_Data segment_:
+++++

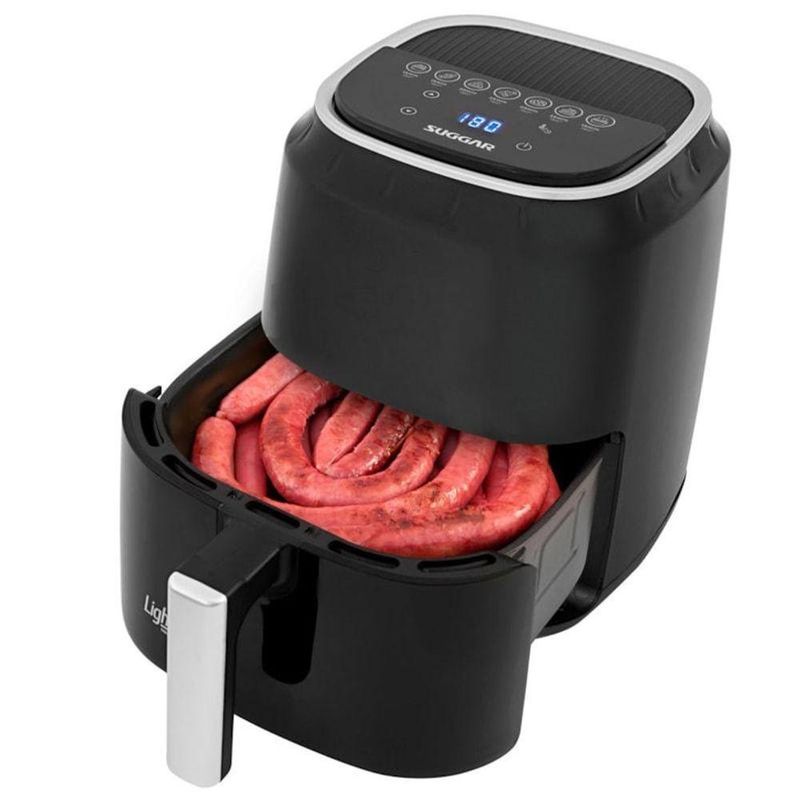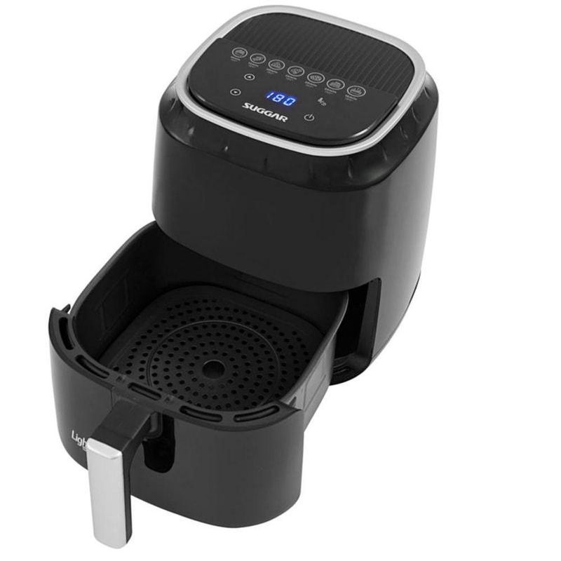 Fritadeira Light Fry Touch Control 4 Litros Preta Suggar 110VDiga adeus ao óleo e dê as boas-vindas ao sabor saudável com a Fritadeira Light Fry Touch Control Suggar.Com um cesto espaçoso de 4 litros, há espaço de sobra para preparar refeições para toda a família. Seu controle de temperatura ajustável até 200°C e a função timer de 60 minutos garantem resultados perfeitos em cada prato.O painel digital touch control torna o ajuste de tempo e temperatura simples e intuitivo, proporcionando total controle durante o preparo.Graças à tecnologia de circulação de ar quente, os alimentos são assados de maneira rápida e uniforme, ficando crocantes por fora e macios por dentro.Prepare-se para refeições mais saudáveis, saborosas e práticas como nunca antes!Vantagens do ProdutoFrita sem óleo: alimentação mais saudável, sem cheiro de gordura e fumaçaPainel digital touch control: ajuste rápido e eficaz de temperatura e tempoAssa mais rápido e por igual: tecnologia de circulação de ar quenteControle de temperatura: de 80ºC a 200ºCCesto com capacidade de 4 litros: tamanho perfeito para seus alimentosFunção timer de 60 minutos: ideal para receitas mais demoradasEspecificações TécnicasNome do produto: Fritadeira Light Fry Touch ControlMarca: SuggarGarantia: 12 MesesCor: PretoTamanho: 4 LitrosModelo: FT0042PTVoltagem: 110VCor: PretaPotência: 1200WAltura embalagem: 25,0 cmLargura embalagem: 33,3 cmProfundidade embalagem: 30,0 cmPeso embalagem: 3,3 kgModelo 127V: FT0041PT Código EAN: 790.831.281.417-5Modelo 220V: FT0042PT Código EAN: 790.831.281.418-2Quantidade de peças por caixa: 1
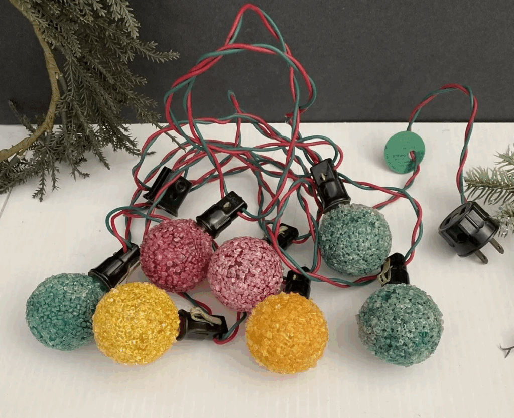 Because these were made to last, you will sometimes see sets that still look surprisingly sturdy. The box condition can matter almost as much as the lights, since many people display the packaging. If the bulbs are missing, the value drops, but the Bakelite pieces still keep it collectible. This style looks great wrapped around a small tabletop tree or greenery. If you do plug a vintage strand in, many collectors prefer careful, limited use to reduce risk.
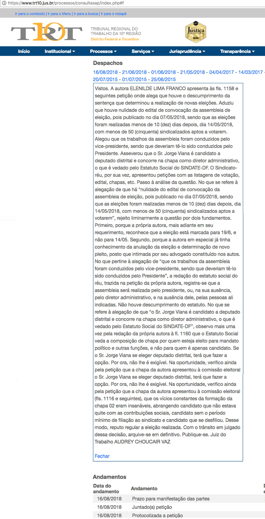 Entre os questionamentos do processo no. 0000850-83.2015.5.10.0015, a autora Elenilde Lima Franco, requereu a nulidade do edital de convocação da assembleia de eleição, a competência da condução do processo eletivo, além da regularidade de inscrição de um dos membros da chapa, nesse caso, do vice-presidente do SINDATE-DF, Jorge Vianna, por anunciar, naquela ocasião, a pré-candidatura a vaga para deputado distrital.

+++++

_What the task requires_: Retype the data above exactly, dropping every picture.

_Output for this task_:
 Fritadeira Light Fry Touch Control 4 Litros Preta Suggar 110VDiga adeus ao óleo e dê as boas-vindas ao sabor saudável com a Fritadeira Light Fry Touch Control Suggar.Com um cesto espaçoso de 4 litros, há espaço de sobra para preparar refeições para toda a família. Seu controle de temperatura ajustável até 200°C e a função timer de 60 minutos garantem resultados perfeitos em cada prato.O painel digital touch control torna o ajuste de tempo e temperatura simples e intuitivo, proporcionando total controle durante o preparo.Graças à tecnologia de circulação de ar quente, os alimentos são assados de maneira rápida e uniforme, ficando crocantes por fora e macios por dentro.Prepare-se para refeições mais saudáveis, saborosas e práticas como nunca antes!Vantagens do ProdutoFrita sem óleo: alimentação mais saudável, sem cheiro de gordura e fumaçaPainel digital touch control: ajuste rápido e eficaz de temperatura e tempoAssa mais rápido e por igual: tecnologia de circulação de ar quenteControle de temperatura: de 80ºC a 200ºCCesto com capacidade de 4 litros: tamanho perfeito para seus alimentosFunção timer de 60 minutos: ideal para receitas mais demoradasEspecificações TécnicasNome do produto: Fritadeira Light Fry Touch ControlMarca: SuggarGarantia: 12 MesesCor: PretoTamanho: 4 LitrosModelo: FT0042PTVoltagem: 110VCor: PretaPotência: 1200WAltura embalagem: 25,0 cmLargura embalagem: 33,3 cmProfundidade embalagem: 30,0 cmPeso embalagem: 3,3 kgModelo 127V: FT0041PT Código EAN: 790.831.281.417-5Modelo 220V: FT0042PT Código EAN: 790.831.281.418-2Quantidade de peças por caixa: 1
 Because these were made to last, you will sometimes see sets that still look surprisingly sturdy. The box condition can matter almost as much as the lights, since many people display the packaging. If the bulbs are missing, the value drops, but the Bakelite pieces still keep it collectible. This style looks great wrapped around a small tabletop tree or greenery. If you do plug a vintage strand in, many collectors prefer careful, limited use to reduce risk.
 Entre os questionamentos do processo no. 0000850-83.2015.5.10.0015, a autora Elenilde Lima Franco, requereu a nulidade do edital de convocação da assembleia de eleição, a competência da condução do processo eletivo, além da regularidade de inscrição de um dos membros da chapa, nesse caso, do vice-presidente do SINDATE-DF, Jorge Vianna, por anunciar, naquela ocasião, a pré-candidatura a vaga para deputado distrital.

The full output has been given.